───── Data

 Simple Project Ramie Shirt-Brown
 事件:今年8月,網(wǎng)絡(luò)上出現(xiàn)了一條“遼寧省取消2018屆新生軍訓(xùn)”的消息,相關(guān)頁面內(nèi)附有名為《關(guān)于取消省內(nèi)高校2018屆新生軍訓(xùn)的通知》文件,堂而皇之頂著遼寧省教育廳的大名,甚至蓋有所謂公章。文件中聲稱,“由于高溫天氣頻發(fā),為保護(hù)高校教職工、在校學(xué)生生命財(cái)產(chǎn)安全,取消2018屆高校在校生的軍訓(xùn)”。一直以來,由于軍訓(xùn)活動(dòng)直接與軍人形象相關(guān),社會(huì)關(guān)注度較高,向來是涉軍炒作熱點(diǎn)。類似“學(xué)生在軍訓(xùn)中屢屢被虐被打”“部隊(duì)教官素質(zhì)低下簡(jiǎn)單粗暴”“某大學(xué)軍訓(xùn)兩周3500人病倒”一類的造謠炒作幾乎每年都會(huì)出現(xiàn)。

──────────
───── Data

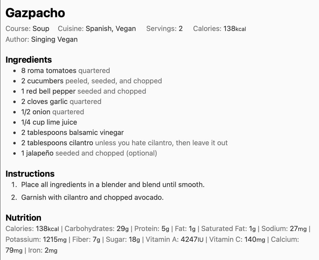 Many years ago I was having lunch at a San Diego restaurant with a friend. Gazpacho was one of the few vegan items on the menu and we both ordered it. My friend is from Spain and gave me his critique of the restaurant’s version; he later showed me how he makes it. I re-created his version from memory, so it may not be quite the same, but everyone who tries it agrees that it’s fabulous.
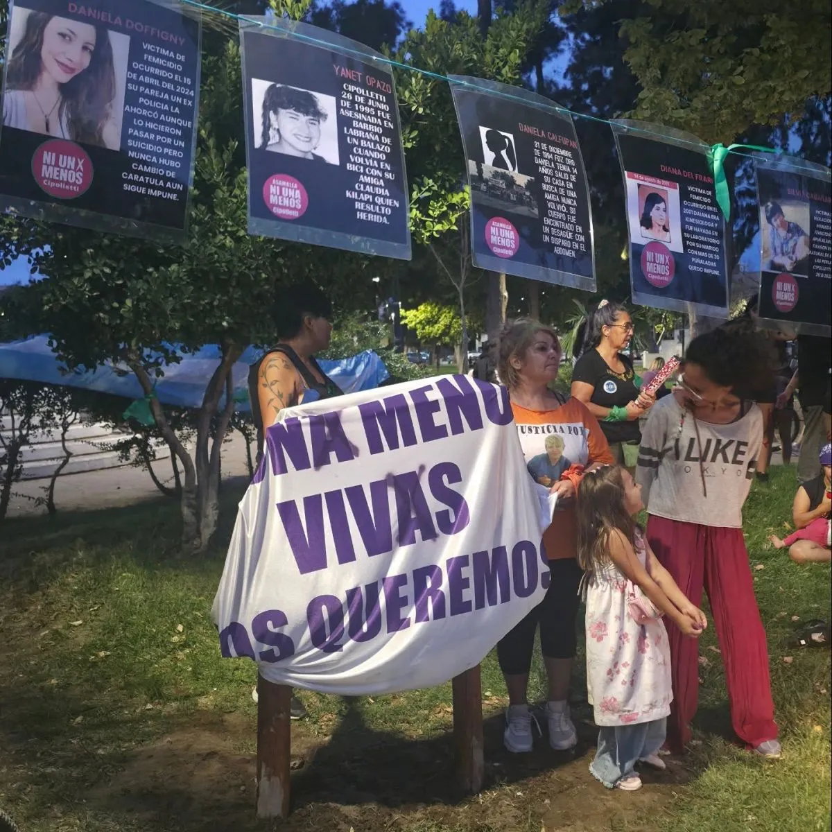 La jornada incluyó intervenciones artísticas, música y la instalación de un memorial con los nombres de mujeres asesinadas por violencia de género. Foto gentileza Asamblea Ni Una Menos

──────────

Activity: Give back, word for word, only the lines above from the line holding "Simple Project Ramie Shirt-Brown" to the line holding "事件:今年8月,網(wǎng", both included.

Answer for the task:
 Simple Project Ramie Shirt-Brown
 事件:今年8月,網(wǎng)絡(luò)上出現(xiàn)了一條“遼寧省取消2018屆新生軍訓(xùn)”的消息,相關(guān)頁面內(nèi)附有名為《關(guān)于取消省內(nèi)高校2018屆新生軍訓(xùn)的通知》文件,堂而皇之頂著遼寧省教育廳的大名,甚至蓋有所謂公章。文件中聲稱,“由于高溫天氣頻發(fā),為保護(hù)高校教職工、在校學(xué)生生命財(cái)產(chǎn)安全,取消2018屆高校在校生的軍訓(xùn)”。一直以來,由于軍訓(xùn)活動(dòng)直接與軍人形象相關(guān),社會(huì)關(guān)注度較高,向來是涉軍炒作熱點(diǎn)。類似“學(xué)生在軍訓(xùn)中屢屢被虐被打”“部隊(duì)教官素質(zhì)低下簡(jiǎn)單粗暴”“某大學(xué)軍訓(xùn)兩周3500人病倒”一類的造謠炒作幾乎每年都會(huì)出現(xiàn)。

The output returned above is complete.